Mijn ouders zijn voor de verandering verstandig. Papa vliegt naar Malawi vanuit Zimbabwe, waarbij zijn vliegtuig (dat de kortste weg neemt) korte tijd ademloos boven de Tete-corridor hangt terwijl de passagiers angstig Carlsberg-lager drinken en uit de raampjes turen. Mozambique glijdt in en dan weer uit zicht; de jaren van wrede oorlog, verbrande dorpen, verkrachte vrouwen, kindsoldaten, afwezigheid van scholen en ziekenhuizen, en ondervoeding als gevolg van de strijd, lijken niet meer dan een tijdelijke inzinking door een op zichzelf staande turbulentie. Het vliegtuig landt in Blantyre – een vreemd Schots aandoende, naar Afrika ruikende stad – en papa wordt op het vliegveld opgewacht door een ongewoon lange, ongewoon donkere Afrikaan, die, zo blijkt, geen Malawiër is, maar uit Zimbabwe komt. Malawiërs hebben over het algemeen een roodachtige gelaatskleur en petieterige, regelmatige trekken. Papa’s chauffeur valt op: lang, slank en zwart, als een palmboom in een mopanewoud.
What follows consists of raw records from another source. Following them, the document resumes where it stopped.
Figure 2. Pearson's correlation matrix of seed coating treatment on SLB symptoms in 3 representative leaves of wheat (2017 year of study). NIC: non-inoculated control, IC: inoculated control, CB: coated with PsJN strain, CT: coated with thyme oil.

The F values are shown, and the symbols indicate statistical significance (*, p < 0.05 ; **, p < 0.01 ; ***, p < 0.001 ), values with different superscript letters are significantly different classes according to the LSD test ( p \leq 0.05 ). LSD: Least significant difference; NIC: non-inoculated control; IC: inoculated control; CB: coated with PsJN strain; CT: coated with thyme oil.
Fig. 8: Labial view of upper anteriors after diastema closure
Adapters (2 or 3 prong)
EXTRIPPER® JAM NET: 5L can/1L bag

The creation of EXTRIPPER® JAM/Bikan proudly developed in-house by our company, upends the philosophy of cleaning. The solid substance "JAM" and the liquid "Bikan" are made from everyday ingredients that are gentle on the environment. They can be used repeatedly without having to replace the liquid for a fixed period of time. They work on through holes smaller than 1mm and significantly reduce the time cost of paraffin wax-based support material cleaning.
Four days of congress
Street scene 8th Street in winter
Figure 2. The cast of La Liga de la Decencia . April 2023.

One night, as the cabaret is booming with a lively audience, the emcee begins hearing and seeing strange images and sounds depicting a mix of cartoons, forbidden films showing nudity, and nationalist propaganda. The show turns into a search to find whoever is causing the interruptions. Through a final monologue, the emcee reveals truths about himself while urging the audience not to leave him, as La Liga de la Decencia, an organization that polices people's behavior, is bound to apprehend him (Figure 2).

Mama neemt de lange omweg naar Malawi via Zambia, in de landrover, met de honden, de katten en al onze wereldse goederen. Oscar valt ergens bij de rivier de Kafue uit de landrover, en hoewel mama twee dagen lang naar hem roepend langs de rivier loopt, zien we hem niet meer terug. Ten slotte geeft ze wat geld aan een schoolmeester in een nabijgelegen dorp en zegt: ‘Als u mijn hond vindt, wilt u dan voor mij op hem passen?’
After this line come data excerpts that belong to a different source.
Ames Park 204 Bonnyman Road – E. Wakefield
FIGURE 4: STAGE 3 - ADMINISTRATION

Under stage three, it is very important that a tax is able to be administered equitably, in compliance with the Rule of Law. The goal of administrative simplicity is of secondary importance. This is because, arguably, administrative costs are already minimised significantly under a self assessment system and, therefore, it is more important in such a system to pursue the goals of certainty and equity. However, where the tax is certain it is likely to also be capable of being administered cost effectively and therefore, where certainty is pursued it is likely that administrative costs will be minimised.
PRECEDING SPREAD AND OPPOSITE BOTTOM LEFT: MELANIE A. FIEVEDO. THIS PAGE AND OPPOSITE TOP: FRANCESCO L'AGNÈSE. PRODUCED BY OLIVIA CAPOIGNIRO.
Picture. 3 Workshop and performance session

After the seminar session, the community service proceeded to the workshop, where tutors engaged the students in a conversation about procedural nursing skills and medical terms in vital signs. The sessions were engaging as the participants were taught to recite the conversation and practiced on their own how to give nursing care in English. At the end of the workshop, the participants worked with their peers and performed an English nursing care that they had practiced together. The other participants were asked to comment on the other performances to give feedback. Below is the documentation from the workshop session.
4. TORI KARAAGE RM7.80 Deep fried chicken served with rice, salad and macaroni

‘Hij heeft waarschijnlijk bier gekocht voor het geld,’ zegt papa naderhand.

‘Dat weet je niet.’

‘Dat hoor je inmiddels te weten.’

Malawi was vroeger het Nyasaland-protectoraat. Als wij in 1982 in het land aankomen wordt het geregeerd door een lilliputterdictator, dr. Hastings Kamuzu Banda. Hij is verschrompeld en heel oud, hoewel niemand mag weten hoe oud hij precies is. Zijn geboortedatum is een officieel staatsgeheim, maar de heersende opinie is dat hij mogelijk op zijn vroegst in 1898 en op zijn laatst in 1906 geboren is. Sommige onvoorzichtige mensen zeggen schertsend, schielijk fluisterend achter hun hand, dat Kamuzu Banda feitelijk dood is. Dat zijn lichaam op een batterij werkt door middel van afstandsbediening. Zij wijzen erop dat hij tenslotte weinig meer doet op het gebied van officiële staatszaken dan met een zebrastaart-vliegenmepper wuiven vanaf de trap die naar zijn privé-vliegtuig of persoonlijke helikopter leidt.
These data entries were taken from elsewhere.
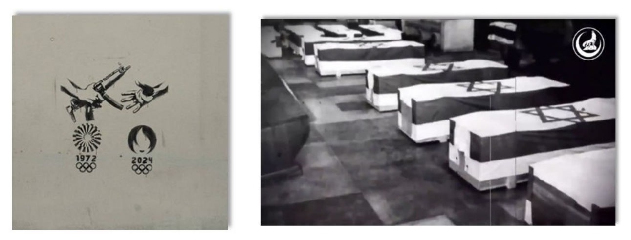
Figure 3: An image of graffiti, reportedly left in Paris, threatening a repeat of the 1972 Munich terror attacks at the upcoming Olympic Games in Paris (left). A still image from the false-flag terror threat, purportedly from Turkish ultranationalist group the Grey Wolves, whose symbol is visible in the topright corner of the screen. The video was widely publicized by pro-Russian bot accounts and prompted a response from the Israeli Olympic Committee (right).
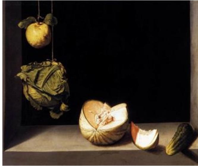
Juan Sánchez Cotán, Still Life with Quince, Cabbage, Melon and Cucumber 1602

Still Life has changed over the centuries. Artists have used the genre to symbolise life and death, wealth, new beginnings, hope, intelligence and beauty. Today, Still Life has been explored by a variety of contemporary artists, who are trying to change its meaning and importance in the world of Art. They are using new forms of display to project their ideas, whilst referring back to a more traditional sense of the term.
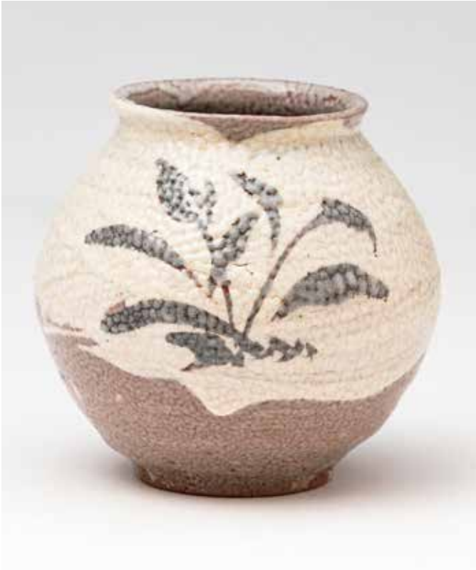
Small Vase Mashiko tetsue karakusa glaze 6 x 6.25 x 6.25" MK1437
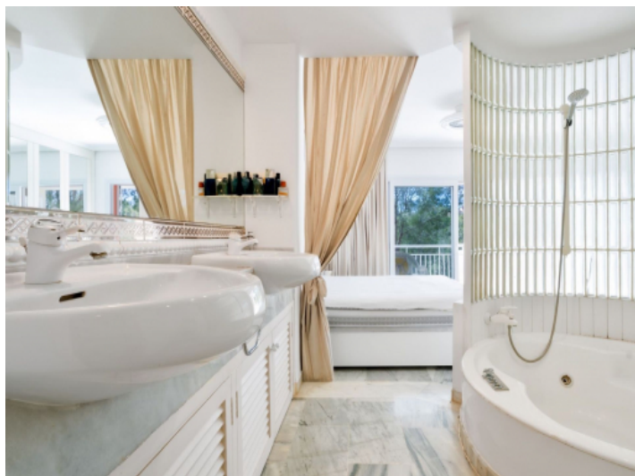
Masterbathroom en suite

Maar de meeste mensen zorgen ervoor hun mond dicht te houden. Mama zegt: ‘Je moet nooit iets minachtends zeggen over de regering of de president.’

‘En als we alleen zijn dan?’

Mama zucht, alsof de dichte bevolking van Malawi lucht uit haar longen perst: ‘We zijn hier nooit alleen.’

Mensen die het niet eens zijn met Zijne Excellentie, de president-voor-het-leven en ‘Baas der Bazen’, worden vaak het slachtoffer van auto-ongelukken (hun lichamen mysterieus doorzeefd met kogels); of worden dood in hun bed aangetroffen ten gevolge van een hartaanval (hun lichamen mysterieus doorzeefd met kogels); of worden het slachtoffer van het eten van niet-helemaal-verse zeevis (hun lichamen mysterieus doorzeefd met kogels).

Opstanden onder leiding van Chipembere en Yatuta Chisiza worden in 1964 en 1966 neergeslagen. Chipembere sterft in ballingschap in de Verenigde Staten.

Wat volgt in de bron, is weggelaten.